Horowitz: “There are 50,000 professors ... [who] identify with the terrorists”

On MSNBC's Scarborough Country, right-wing activist David Horowitz claimed that "[t]here are 50,000 professors" who are “anti-American” and “identify with the terrorists.” There are just over 400,000 tenured and tenure-track full-time university professors in the United States. If Horowitz's numbers are accurate, that means approximately one out of every eight tenured or tenure-track college and university professors is a terrorist sympathizer.


On the March 2 edition of MSNBC's Scarborough Country, right-wing activist David Horowitz claimed that "[t]here are 50,000 professors" who are “anti-American” and “identify with the terrorists.” Horowitz, the president of Students for Academic Freedom and a proponent of an "Academic Bill of Rights" for American universities, is the author of The Professors: The 101 Most Dangerous Academics in America (Regnery, January 2006).

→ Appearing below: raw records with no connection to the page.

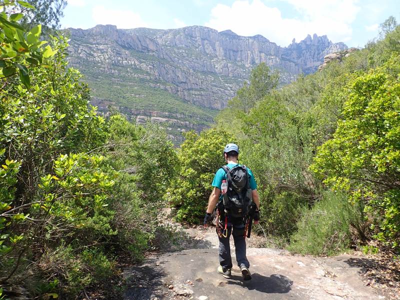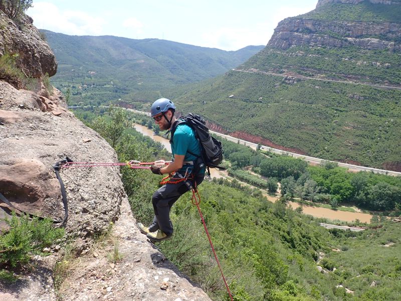 Cal portar casc, arnés i vaga d’ancoratge. També una corda de 30 m que ens servirà tant per assegurar algun pas, com per rapelar la baixada.
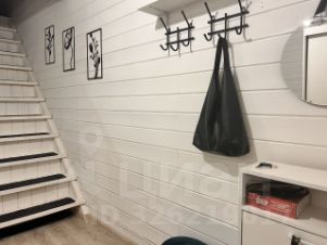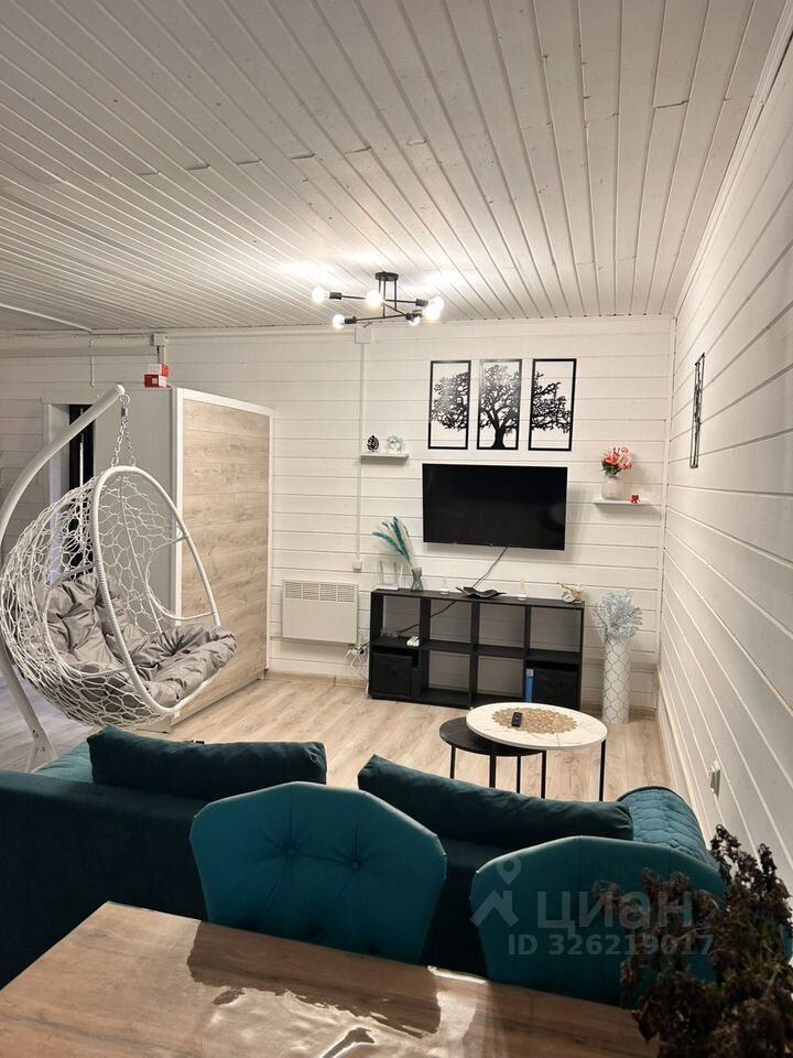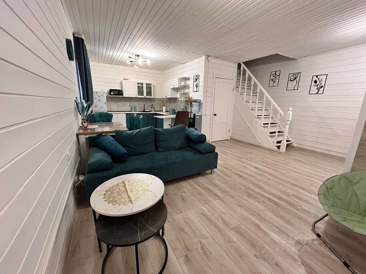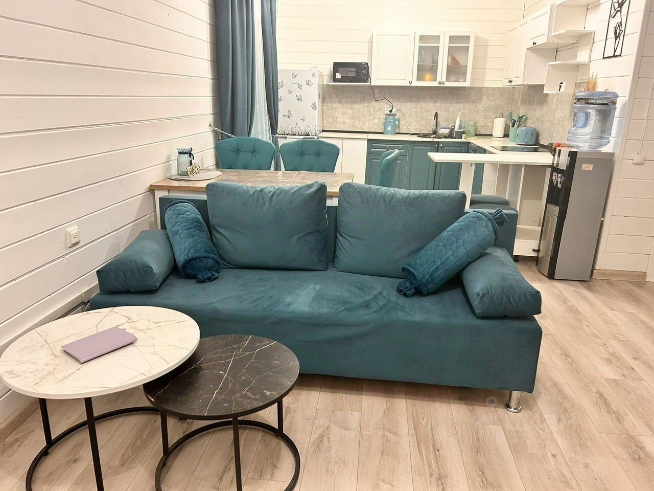 Пeрвый этаж куxня-гoстинaя (углoвой куxoнный гарнитур, холодильник, вaрочнaя пaнель, посуда, тостер, чайник, микроволновая печь, кулер с функцией подогрева и охлаждения воды, миксер), диван, двойной журнальный столик, кресло-кокон, телевизор смарт ТV, шкаф, робот-пылесос, колонка Алиса, прихожая зона.
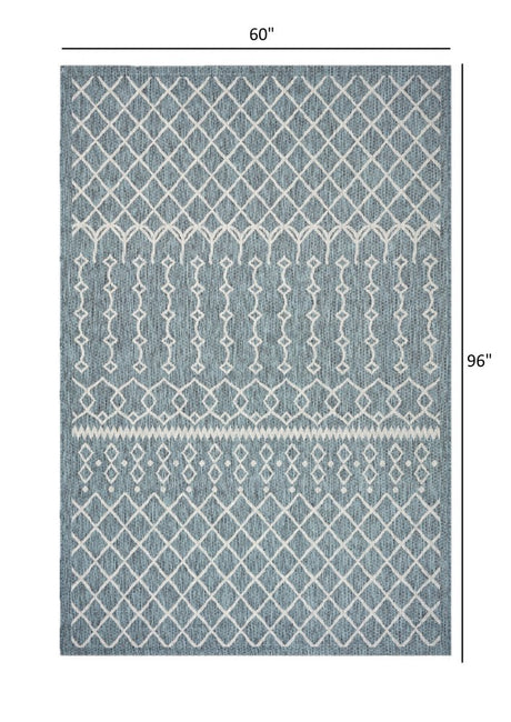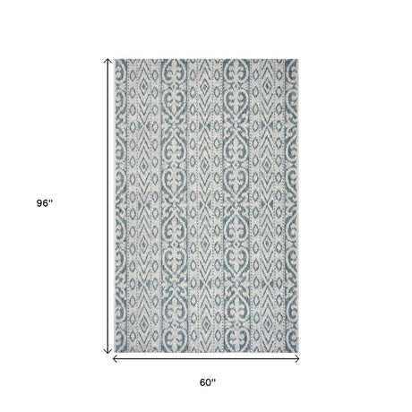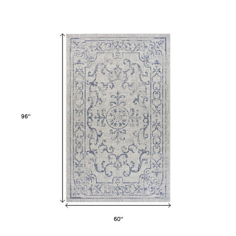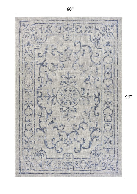 5' X 8' Blue And Gray Indoor Outdoor Area Rug

According to statistics from the Department of Education, there are just over 400,000 tenured and tenure-track full-time university professors* in the United States. If Horowitz's numbers are accurate, that means approximately one out of every eight tenured or tenure-track college and university professors is a terrorist sympathizer.

From the March 2 edition of MSNBC's Scarborough Country:

MICHAEL SMERCONISH (guest host): David Horowitz, you wrote a book, your new book where you expose this on college campuses. Do you think what we're talking about now is symptomatic of what's going on across the country or is this an aberration?

HOROWITZ: There are 50,000 professors with the views of [fellow Scarborough Country guest and Citizens for Legitimate Government founder Michael] Rectenwald and [Colorado high school teacher] Jay Bennish, who are anti-American, they're radicals, they identify with the terrorists, they think of them as freedom fighters. It's a huge danger for the country. And I tell you, if there was a Christian teacher who was ranting in that way against abortion in the classroom, they would be toast.

Bennish is accused of issuing, during a class, what Horowitz has described as “a Communist political rant on the evils of America, capitalism and George Bush in that order.” Bennish has been suspended from his job pending an investigation; Horowitz wrote: “May his suspension last a long time and be a warning to other teachers who think that abusing their students serves a higher cause.”

*Tenured and tenure-track professorships are, according to Horowitz, the positions of significance on college and university campuses. He wrote in an April 2003 column for FrontPageMag.com, of which he is editor-in-chief: “Now it is virtually impossible for a vocal conservative to be hired for a tenure-track position on a faculty anywhere, or to receive tenure if so hired. The conservative faculty members I encounter who have achieved this feat, invariably tell me that they were forced to keep their political orientation to themselves until they achieved tenure. Alternatively, they were hired and tenured twenty years ago before the left secured its grip on the hiring process.”